The statistical power was assessed using false discovery rate (FDR). Following Bolormaa et al. [70], the FDR was calculated as \(\frac{P * (1-\frac{A}{T})}{\frac{A}{T} * (1-P)}\), where P is the significance threshold (e.g., 1.24 × 10−6 or 3.11 × 10−9), A is the number of significant variants and T is the total number of variants tested.

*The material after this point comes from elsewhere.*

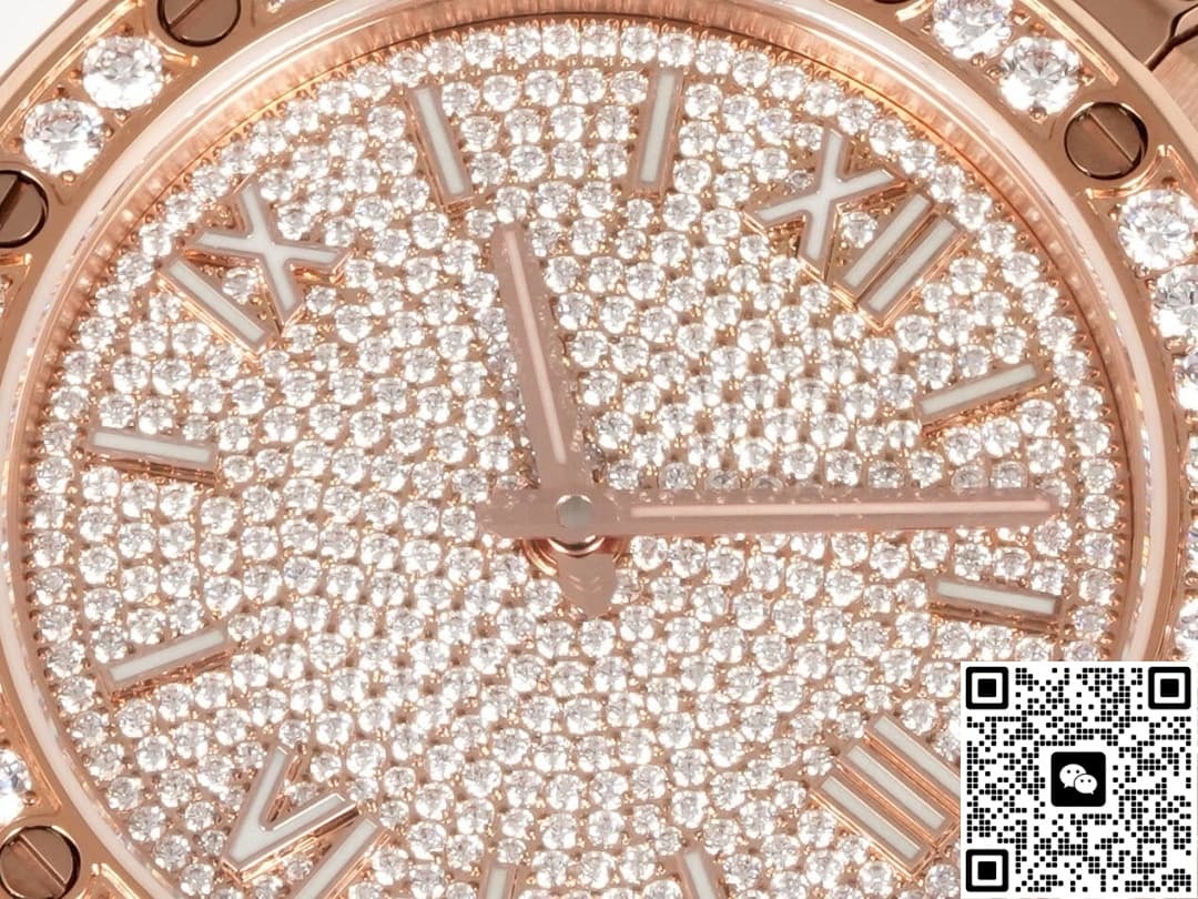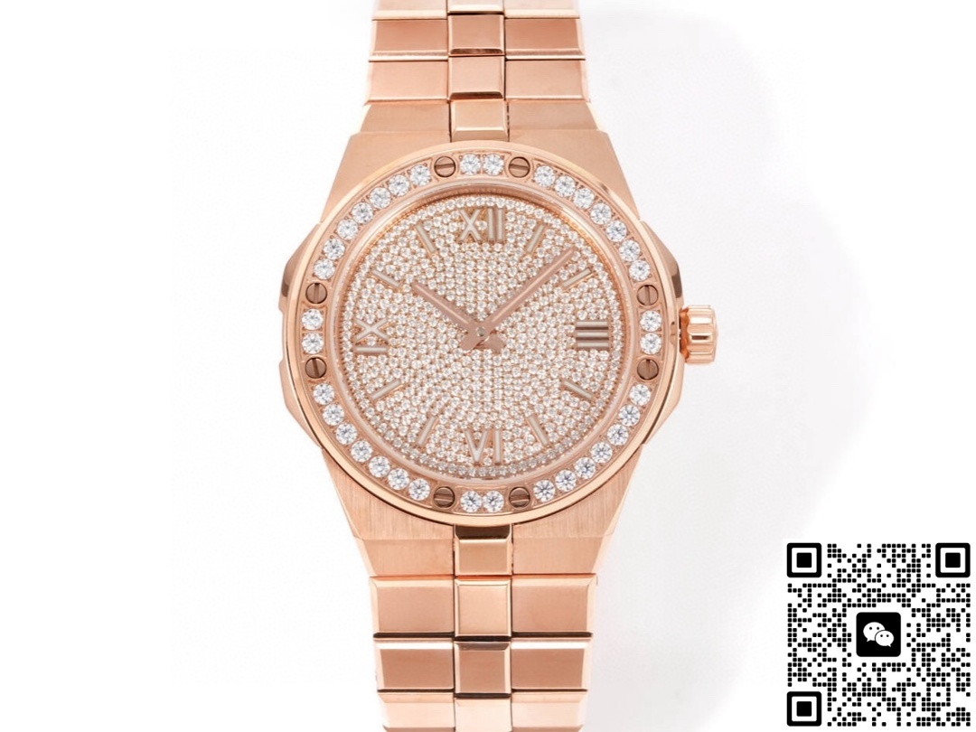 - R8 factory Replica Patek Philippe Nautilus Jumbo 5711 Tourbillon full diamond watch has unique and full of charm design, and it is the sublimation work which presenting perfect workmanship, and it is a symbol of successful person. Patek Philippe Nautilus Jumbo 5711 Tourbillon is equipped with Swiss manual winding tourbillon movement that is durable and run time preciously and stablely. And diameter is 40mm and thickness is 11mm which is suitable for people who has different wrist size. This Patek Philippe Nautilus Jumbo 5711 Tourbillon use 18K yellow gold plated rhinestone, sapphire double-side crystal mirror, 50 meters depth waterproof, and superstrong nightlight. Patek Philippe Nautilus Jumbo 5711 Tourbillon adopt 316L stainless steel plating 18K yellow gold and inlaid rhinestone watch case, that is never fading.

Fine mapping of detected QTL

We defined QTL as a region of 1 Mb non-overlapping windows, containing at least one significantly associated marker. The marker with the smallest P-value within a QTL was defined as lead variant. Linkage disequilibrium (LD) between the lead variant and all other variants was calculated with the PLINK (v. 1.9) –r2 command. Variants within QTL were annotated with Ensembl’s Variant Effect Predictor (VEP; [71]) tool using local cache files from the Ensembl (release 104) annotation of the porcine genome. The deleteriousness of missense variants was predicted with the SIFT scoring algorithm [72] implemented in VEP.

The proportion of drEBV variance explained by a QTL was estimated with \(\frac{{2p (1-p)\beta }^{2}}{{\sigma }^{2}}\), where p is the frequency of the minor allele of the lead SNP and \({\sigma }^{2}\) is the drEBV variance; \(\beta\) is the regression coefficient of the lead SNP. To avoid overestimating the variance explained by a lead variant, we followed the approach described in Kadri et al. [73] and estimated the regression coefficients jointly for all QTL from the stGWAS, i.e., the lead variants of those QTL, that were significantly associated in the stGWAS, were fitted as covariates.